11 O rei voltava a conversar, beneficiando o extenso domínio que lhe cabia dirigir, mas lá chegava outro momento em que se perdia na indignação excessiva, humilhando e ferindo ministros e vassalos que desejaria ajudar sinceramente.
12 Lamentando-se, aflito, vinha o filósofo conselheiral, afirmando, prestimoso:
— Grande soberano, tenha paciência consigo mesmo. O reajustamento da alma não é obra para um dia. Prossiga, esforçando-se. Toda realização pede o concurso abençoado das horas… O rio deixaria de existir sem a congregação das gotas… Guarde calma, muita calma e não desanime…
13 O monarca, no entanto, desacoroçoado, depois de regular experimentação com o filósofo, exonerou-o das funções que ocupava e expediu dois emissários às suas províncias extensas para que lhe trouxessem a palácio algum homem incapaz de se irritar. 14 Pretendia entrar em contato com o espírito mais equilibrado de suas terras, a fim de melhor orientar-se no autoburilamento.
15 Os mensageiros iniciaram as investigações, mas impacientavam-se desiludidos. O homem que observavam ponderado na via pública era colérico no lar. Quem se revelava gentil em casa, costumava irar-se na rua. Alguns se mostravam distintos e agradáveis junto da família consanguínea, todavia, eram azedos no trato social. Diversos exibiam formosa máscara de serenidade com os estranhos, no entanto, dirigiam-se aos domésticos com deplorável aspereza.
16 Depois de trinta dias de porfiada pesquisa, descobriram, jubilosos, o homem que nunca se exasperava.
Seguiram-no, cuidadosamente, em toda parte.
Nunca falava alto e mantinha silêncio comovedor, no domicílio que lhe era próprio e fora dele.
17 Durante quatro semanas foi examinado sob atenção vigilante, não perdendo um til na conduta irrepreensível.
Trabalhava, movimentava-se, alimentava-se e atendia aos menores deveres, imperturbavelmente.

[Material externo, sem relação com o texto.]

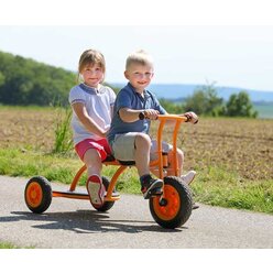 Ab jetzt wird zu zweit durch die Gruppenräume und durch den Garten gesaust! Das Kinder-Taxi mit 2 Sitzplätzen wirkt sich positiv auf die kindliche Entwicklung aus. Durch das Fortbewegen des Fahrzeuges mit den Beinen wird die Beinmuskulatur gestärkt und die Körper-Balance sowie die Motorik gefördert. Der Fahrer muss auf seinen Mitfahrer Acht geben, der Mitfahrer muss ruhig sitzenbleiben und sich gut festhalten. Kommunikation und Einfühlungsvermögen werden hierbei geschult. Der Beifahrer kann seine Füsse bequem auf dem Trittbrett abstellen.
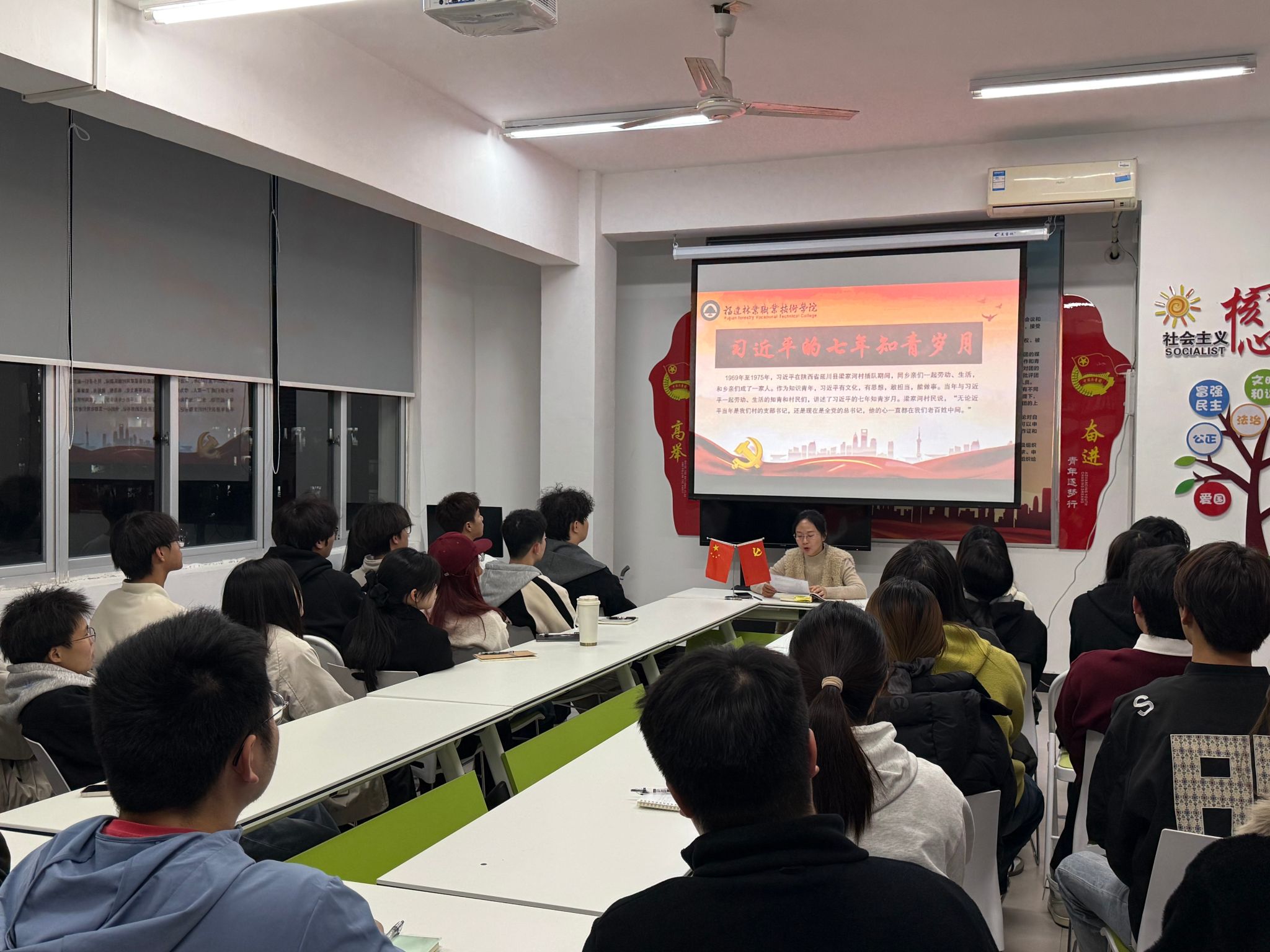 在领学《习近平的七年知青岁月》“习近平把自己看做黄土地的一部分”章节时,胡静老师讲述了青年习近平扎根基层、与群众同甘共苦的故事,引导学生感悟为民情怀。

18 Apressaram-se os mensageiros em levar a boa-nova ao monarca, e o rei, satisfeito, convocou assessores e áulicos de sua casa para receber a personagem admirável, com a dignidade que lhe era devida.
19 O vassalo venturoso foi trazido à real presença, entretanto, quando o soberano lhe dirigiu a palavra, esperando encontrar um anjo num corpo de carne, verificou, sob indefinível assombro, que o homem incapaz de irritar-se era mudo.
20 Sob o respeito manifesto de todos, o rei sorriu, desapontado, e mandou buscar novamente o filósofo, resignando-se a ter paciência consigo mesmo, a fim de aprender a conquistar-se pouco a pouco.